So, it's basically RTSP, only not. That actually sounds perfect for
this, seeing as it wouldn't require much extra work on the part of the
content authors. But, then there's the issue of which scheme to
support; I imagine they're competing? :P

> If we develop such an adaptive streaming approach, the source
> selection algorithm would then select the default resource to stream
> from, while being given the option for adaptive streaming through the
> extra information (e.g. delivered through an extra attribute on the
> <source> elements, e.g. @adaptive="alternatives.xml"). There could
> then be dynamic switching between the files listed as alternatives in
> the @adaptive file.

I'd move to specify any extra information in-context or server-side
rather than by reference, simply because if we introduce an XML
settings file, it's one more syntax to learn, and file to host. Maybe
the resource pointed to by <source> is itself the settings file, akin
to an Apache type map. Or @src is a comma-delimited list of fallbacks
like CSS @font* properties.
Or <source> becomes non-empty and we introduce <alternative> allowed
as children elements.

> Incidentally, it may make more sense to expose the actual components
> of "quality" explicitly in media queries, just like they are
> explicitly exposed both in m3u8 and ismv, in particular bandwidth and
> resolution.
>
> Further, it needs to be considered that current media queries (see
> http://dev.w3.org/csswg/css3-mediaqueries/) are actually NOT about
> defining the features of a given resource, but about defining the
> features of a device. Some of the most relevant queries for a/v are :
> * min/max-device-width/height (rendering surface of output device)
> * min/max-width/height (targeted display area of output device)
> * aspect ratio / device-aspect-ratio
> * min/max-resolution (pixel density of output device)
> * tv / handheld / screen / aural / braille (devices)
>
> Thus, the width/height are already defined through media queries.
> Thus, mainly adding "bitrate" and "CPU" may be sufficient to define
> device qualities to distinguish default loaded media files.

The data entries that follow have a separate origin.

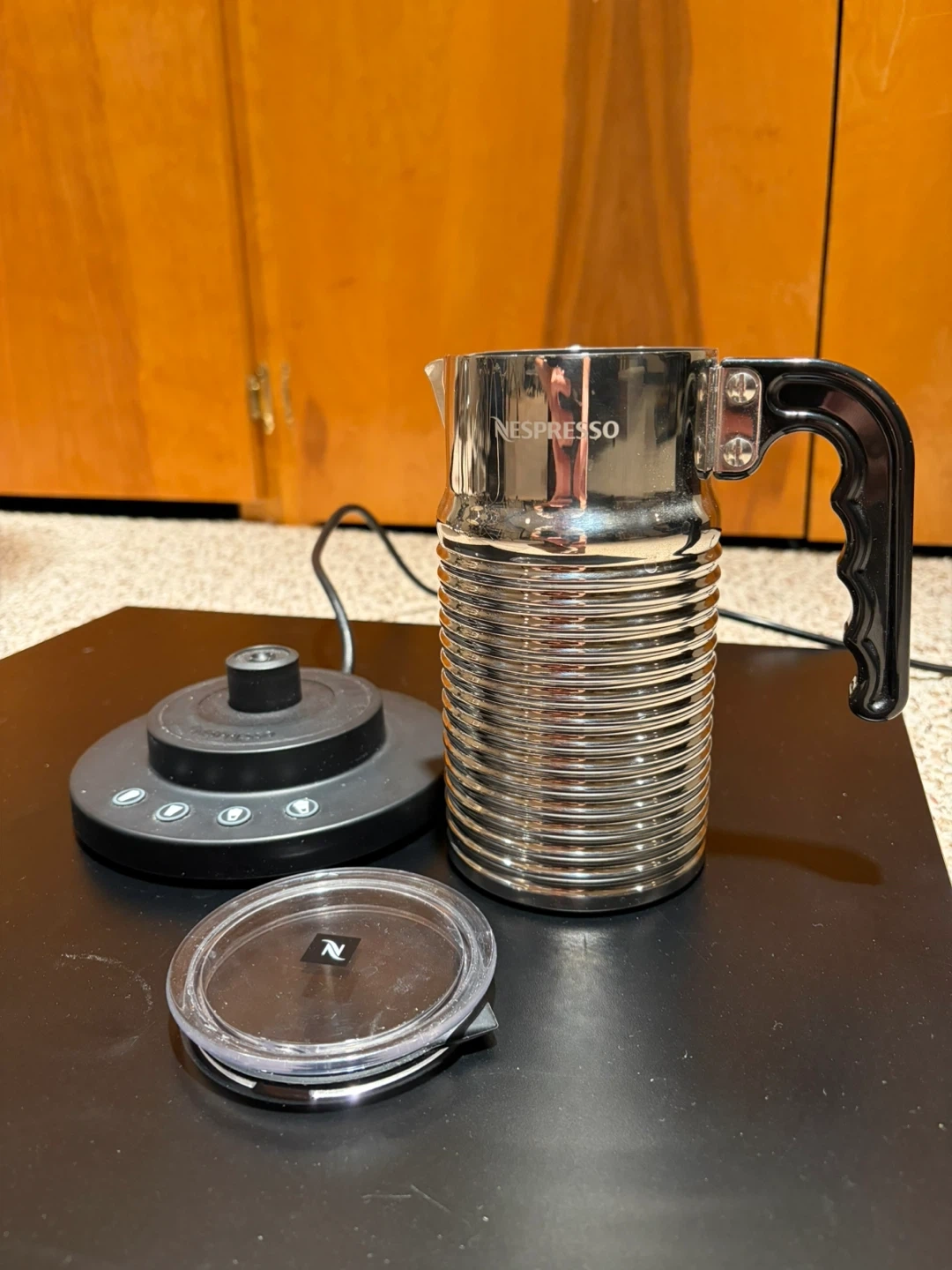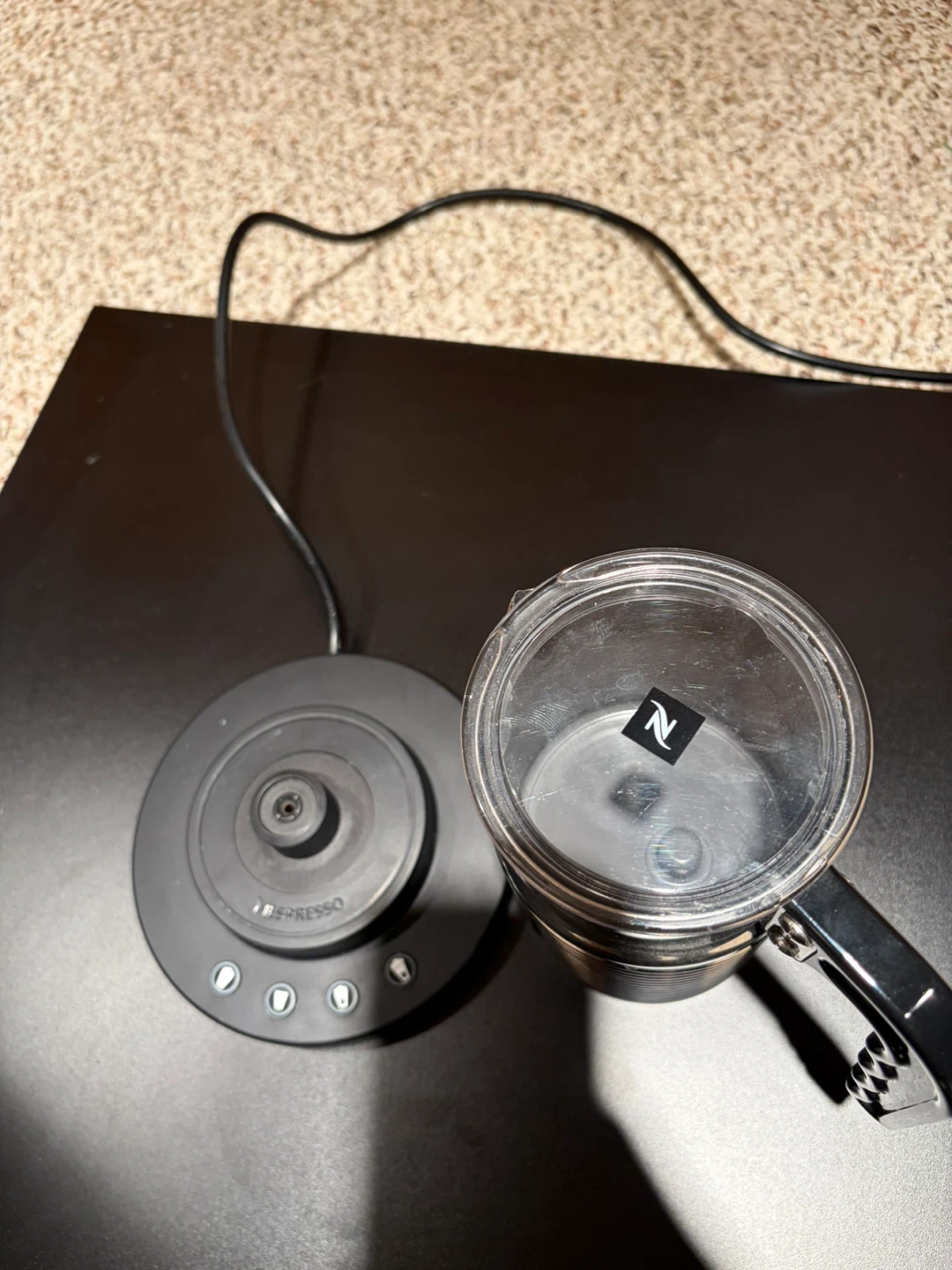 Selling a Nespresso Aeroccino milk frother. It's in great condition but is missing the magnetic frother piece. I’m sure these can be purchased from Nespresso on their site for a couple bucks!
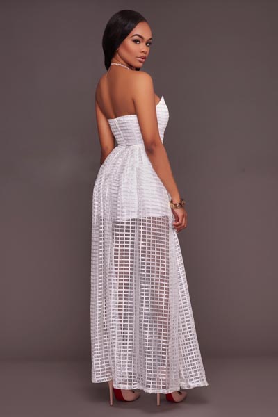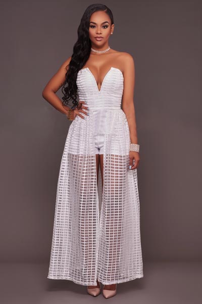 Benita Off-White Textured Mesh Romper Maxi Dress L55273-2 PRODUCT DESCRIPTION This floaty feminine creation is always perfect . Wear it to your next gathering for sexy appeal.
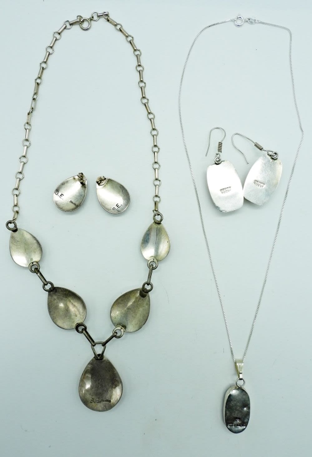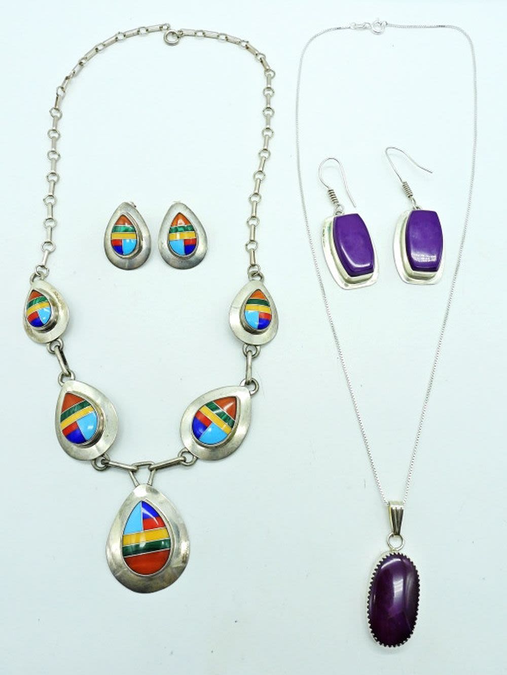 31DWT, 1 PURPLE INLAY NECKLACE 20IN LONG, STAMPED BEHIND PENDANT JB STERLING, MATCHING DANGLED EARRINGS STAMPED 925, 1- MULTI-COLOR INLAY FESTOON NECKLACE 20IN LONG WITH MATCHING STUDS STAMPED S.E. STERLING

I'd agree that those two are high-priority, but altogether I think it
would need to cover a bit more than those, namely:
"display-aspect-ratio" (or have "aspect-ratio" defined more explicitly
so that it accounts for pixel aspect ratio), "codec" (and possibly
"container"), and something to account for audio properties—at the
bare minimum.

> Note that YouTube uses width/height encoding parameters for
> distinguishing between different "quality" video encodings, so the
> media queries parameters width/height could potentially be used here
> in the same way.

I would stay away from that, for the reasons stated above.
Width/height are insufficient to describe the quality of a video. You
could encode a 1080p video with a really low bitrate and have it come
out smaller than a 480p video with a really high bitrate.

-Hugh